Access to personal information
You have a right under the Data Protection Act 1998 to request access to view or to obtain copies of what information the surgery holds about you and to have it amended should it be inaccurate. In order to request this, you need to do the following:
- Your request must be made in writing to the GP – for information from the hospital you should write direct to them
- There may be a charge to have a printed copy of the information held about you
- We are required to respond to you within 40 days
- You will need to give adequate information (for example full name, address, date of birth, NHS number and details of your request) so that your identity can be verified and your records located
Objections / Complaints
Should you have any concerns about how your information is managed at the GP, please contact the GP Practice Manager. If you are still unhappy following a review by the GP practice, you can then complain to the Information Commissioners Office (ICO) via their website (www.ico.org.uk).

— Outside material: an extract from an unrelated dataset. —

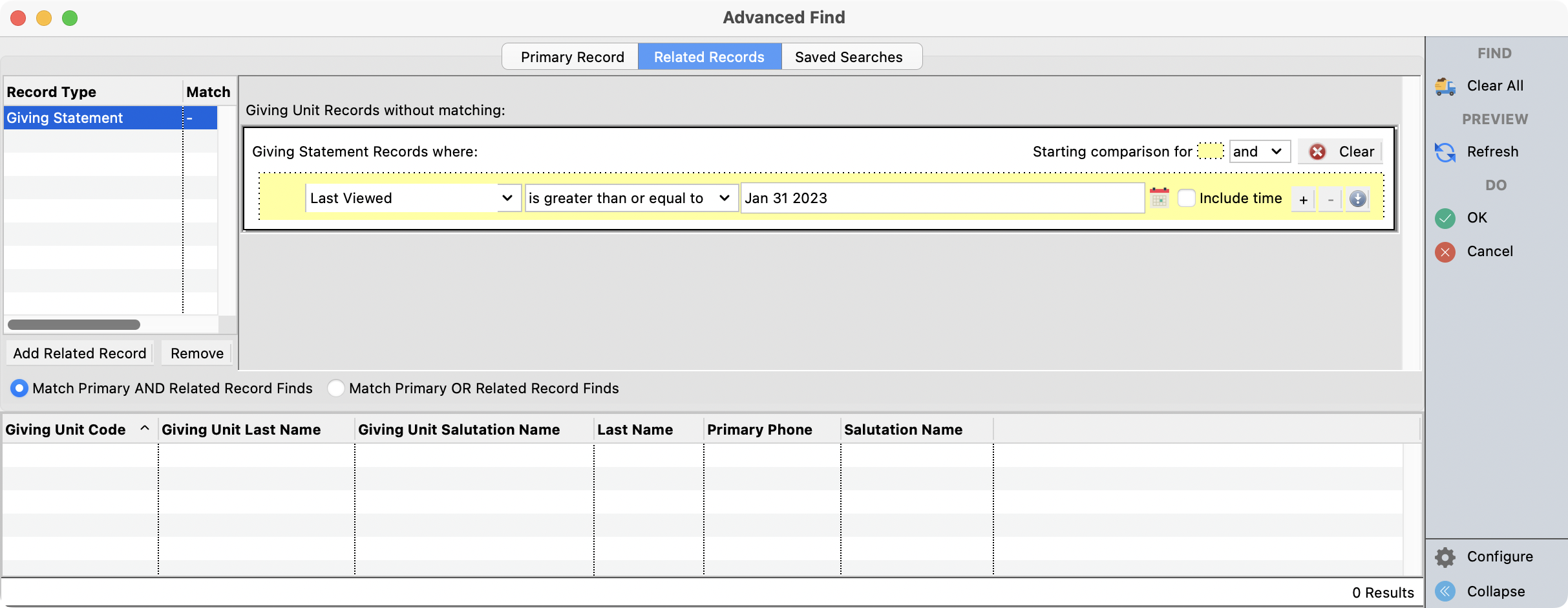 For example, use the following search to find givers who haven't viewed an online statement since January 31st.

If you are happy for your data to be extracted and used for the purposes described in this fair processing notice then you do not need to do anything.
If you do not want your personal data being extracted and leaving the GP practice for any of the purposes described, you need to let us know as soon as possible.
We will then enter clinical codes into your records that will prevent data leaving the practice and / or leaving the central information system at the Health and Social Care Information Centre (HSCIC) for use by secondary providers.
Change of Details
It is important that you tell the person treating you if any of your details such as your name or address have changed or if any of your details such as date of birth is incorrect in order for this to be amended. You have a responsibility to inform us of any changes so our records are accurate and up to date for you.
Your right to withdraw consent for us to share your personal information
The national data opt-out is a new service that allows people to opt out of their confidential patient information being used for research and planning. It was introduced on 25 May 2018, providing a facility for individuals to opt-out from the use of their data for research or planning purposes. The national data opt-out replaces the previous ‘type 2’ opt-out, which required NHS Digital not to share a patient’s confidential patient information for purposes beyond their individual care. Any patient that had a type 2 opt-out has had it automatically converted to a national data opt-out from 25 May 2018 and has received a letter giving them more information and a leaflet explaining the new national data opt-out. If a patient wants to change their choice, they can use the new service to do this. You can find out more from the practice or by clicking here www.nhs.uk/your-nhs-data-matters.